What Do Food Sensitivities Have to Do With Autoimmunity?
Actually, a lot. You will discover that the two have much to do with each other. Let’s explore what food sensitivities are and how they are connected to autoimmune disorders. In functional medicine, food is medicine, but what happens when the foods you eat trigger a reaction from your body? You can experience a range of uncomfortable symptoms. Foods may be aggravating your gut or your immune system, causing symptoms or even setting you up for autoimmunity. Functional medicine delves into the intricacies and the root causes of autoimmune disorders to bring you relief, a healthier life, and a better understanding of how your body works and what it needs.
Food Sensitivity is Different Than a Food Allergy
Often people confuse food allergies and food sensitivities – using intolerance, sensitivity, and allergy interchangeably. They are each different. Further, conventional allergy tests do not always show sensitivities or intolerances.
What Is a Food Allergy?
An allergy is an IgE immune reaction to a specific food. Reactions usually occur right away after exposure and can be severe and life-threatening to some. Common allergic reactions are a swollen tongue or runny nose or can be more severe like anaphylaxis and hives.
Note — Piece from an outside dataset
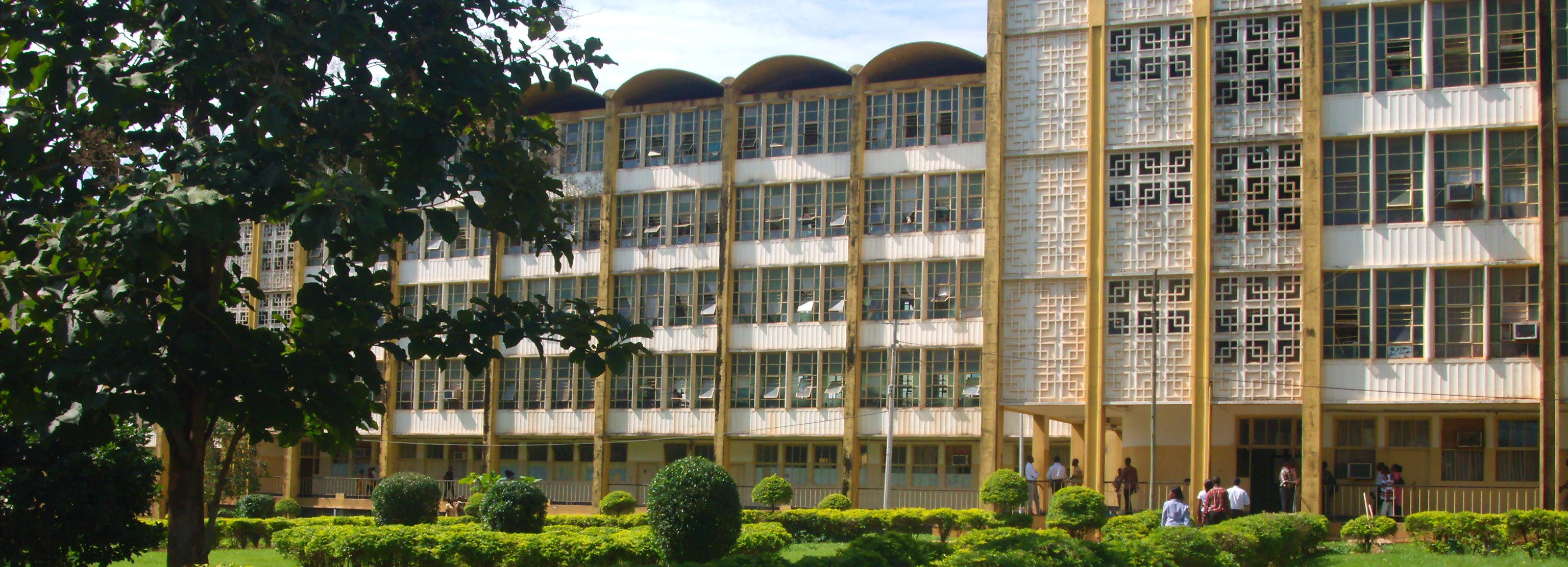 Panorama: Komfo Anokye Teaching Hospital (KATH) in Kumasi, Ashanti Region, Ghana.

Because food allergies are easier to identify through testing, people are usually pretty clear on what foods to avoid or eliminate.
What Is a Food Intolerance?
Food intolerances are not a “reaction,” but rather an “inability” to digest. For example, lacking the digestive enzymes to break down the sugar in milk (lactose intolerance) or the inability of the liver to process things like caffeine or alcohol. Common food intolerances include things like histamines, preservatives (such as sulfites), and lectins (the part of the plant that protects itself from being digested). Food intolerances cause inflammation in the body leading to problems like discomfort and pain.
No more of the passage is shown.